From 4b1005c7e16d29ece8cde637b6ab516595eab067 Mon Sep 17 00:00:00 2001
From: drbh <david.richard.holtz@gmail.com>
Date: Tue, 30 Jul 2024 17:20:40 +0000
Subject: [PATCH] fix: attempt forward on flash attn2 to check hardware support

---
 .../layers/attention/cuda.py                  | 35 +++++++++++++++++++
 1 file changed, 35 insertions(+)

diff --git a/server/text_generation_server/layers/attention/cuda.py b/server/text_generation_server/layers/attention/cuda.py
index c0c4da4d..19ce294b 100644
--- a/server/text_generation_server/layers/attention/cuda.py
+++ b/server/text_generation_server/layers/attention/cuda.py
@@ -173,6 +173,41 @@ def paged_attention(
 try:
     import flash_attn_2_cuda
 
+    # try forwarding to see if it works with all dummy inputs
+    batch_size = 1
+    num_heads = 1
+    head_dim = 1
+    seqlen = 1
+
+    try:
+        flash_attn_2_cuda.varlen_fwd(
+            torch.zeros(batch_size, num_heads, seqlen, head_dim),  # q
+            torch.zeros(batch_size, num_heads, seqlen, head_dim),  # k
+            torch.zeros(batch_size, num_heads, seqlen, head_dim),  # v
+            None,  # out (optional)
+            torch.zeros(batch_size + 1, dtype=torch.int32),  # cu_seqlens_q
+            torch.zeros(batch_size + 1, dtype=torch.int32),  # cu_seqlens_k
+            None,  # alibi_slopes (optional)
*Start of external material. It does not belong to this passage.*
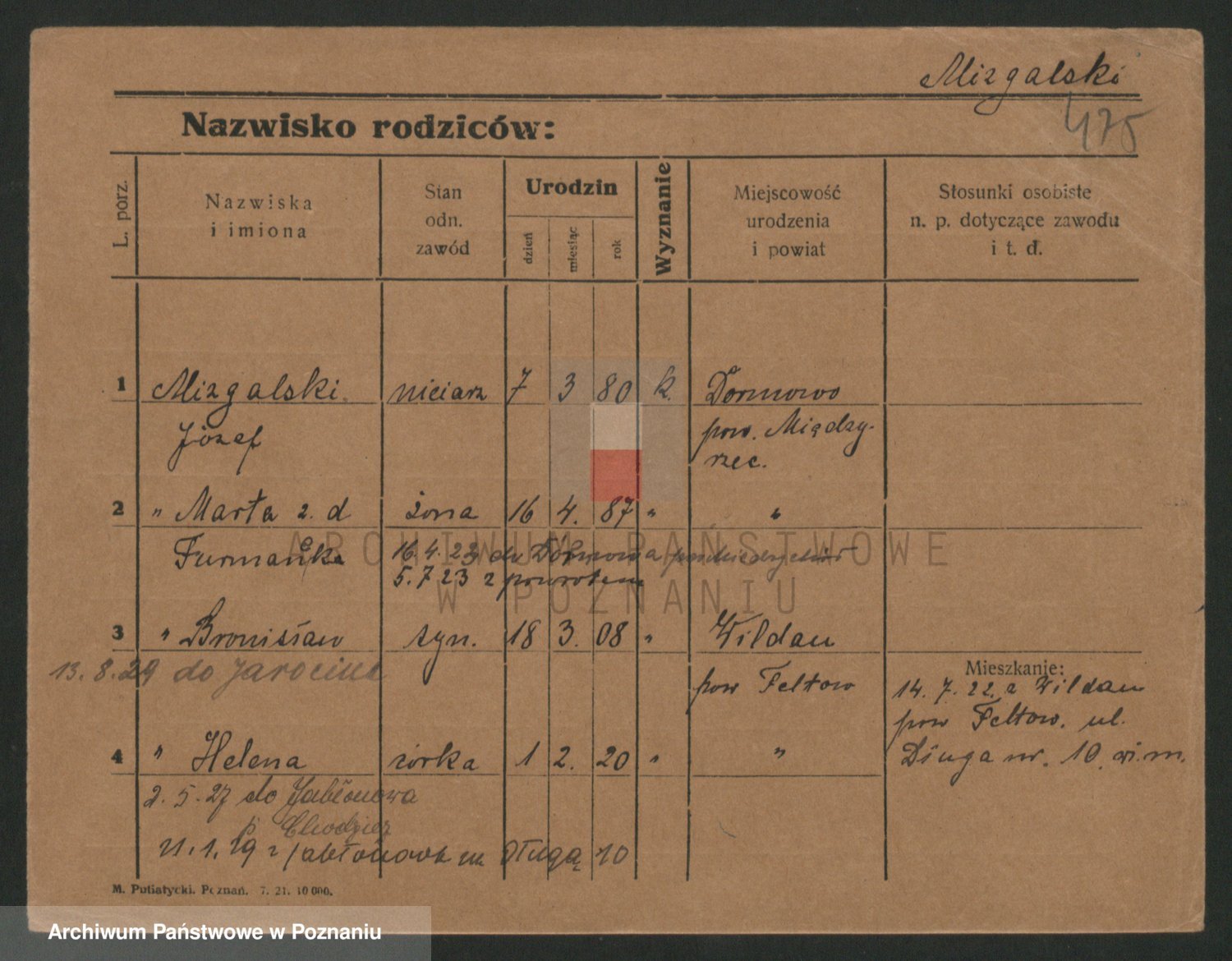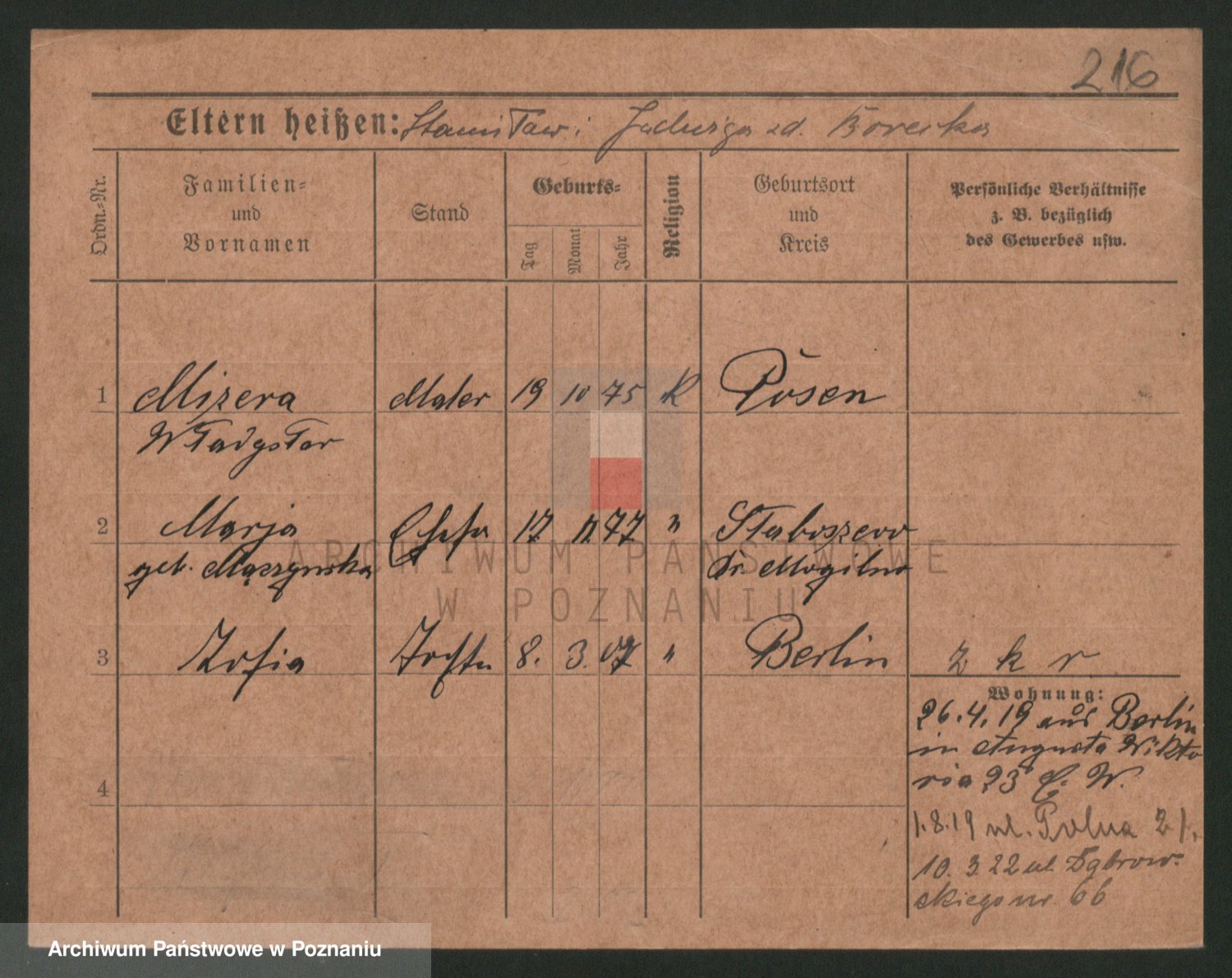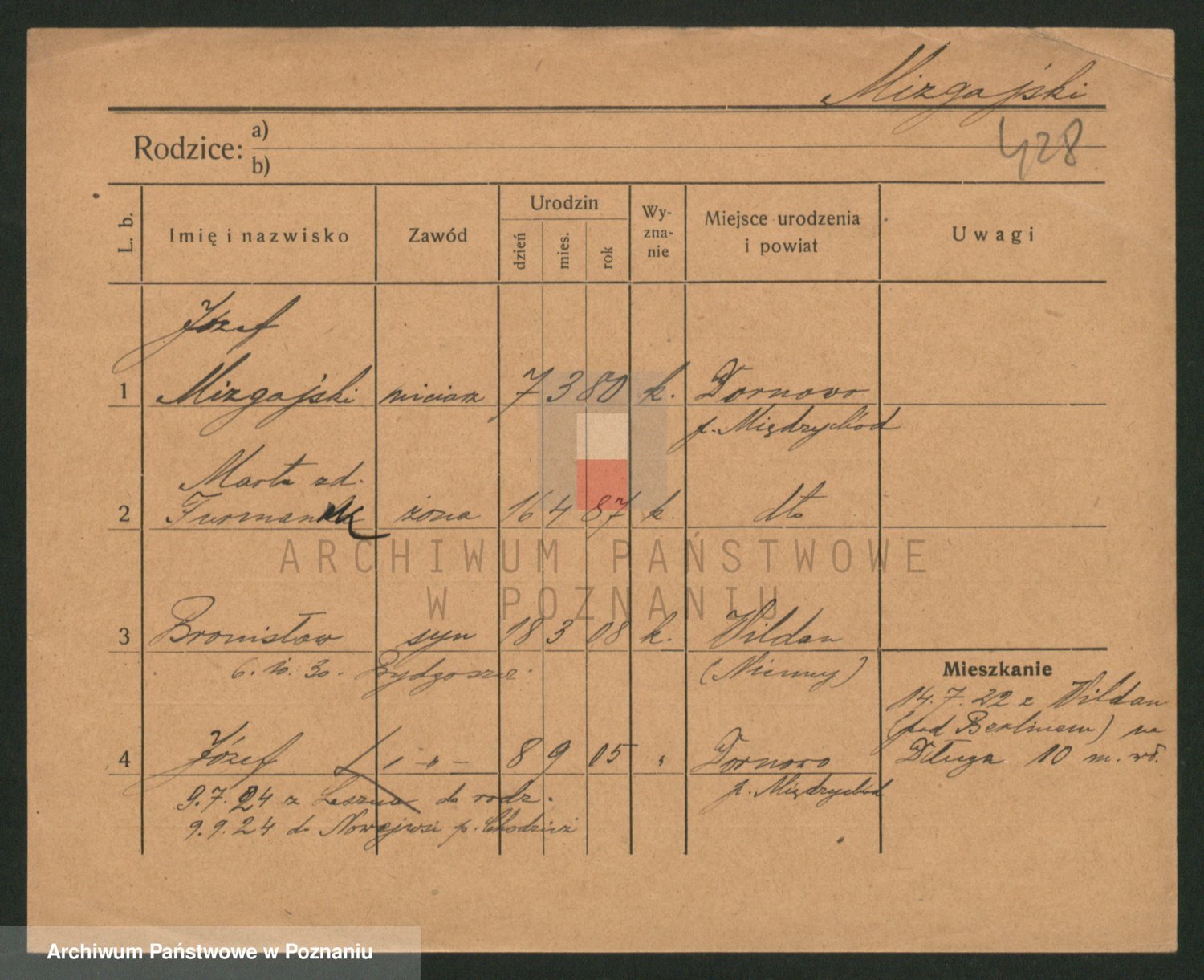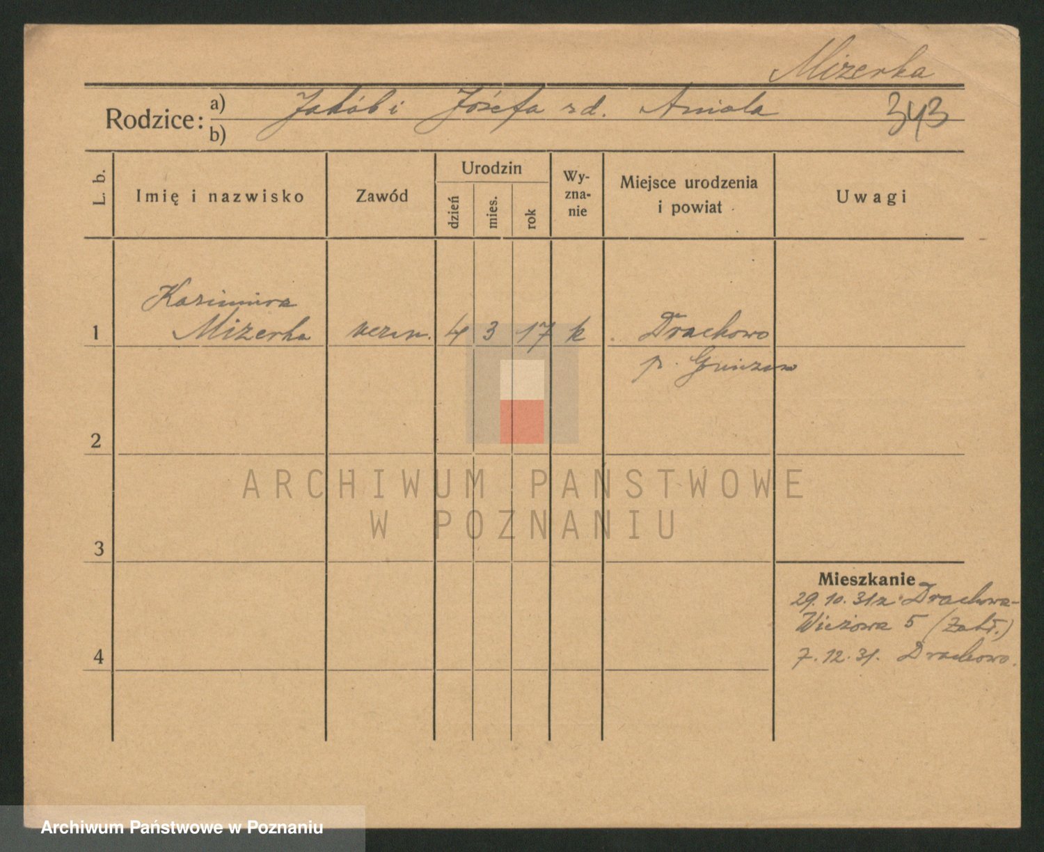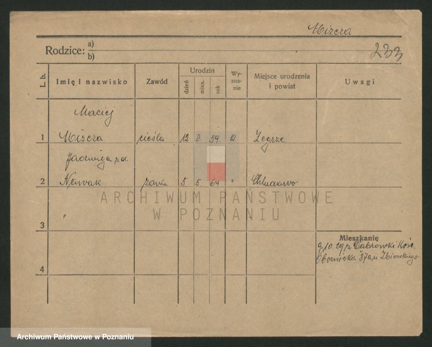 Podgląd karty osobowej dostępny jest po kliknięciu na nazwisko lub ikonkę karty. Można dokonywać powiększenia (ikony na górze) lub przechodzić między kolejnymi skanami (strzałki po bokach).

+            None,  # q_padded (optional)
+            None,  # k_padded (optional)
+            None,  # v_padded (optional)
+            seqlen,  # max_seqlen_q
+            seqlen,  # max_seqlen_k
+            1.0,  # softmax_scale
+            0.0,  # softmax_lse (default value)
+            False,  # is_causal
+            True,  # return_softmax
+            -1,  # window_size_left
+            -1,  # window_size_right
+            0.0,  # softmax_softcap
+            False,  # deterministic
+            None,  # rng_state (optional)
+        )
+    except RuntimeError as e:
+        raise ImportError(
+            "Flash Attention V2 is not supported on this machine. " f"Error: {e}"
+        ) from e
+
     V2 = True
 except ImportError:
     try: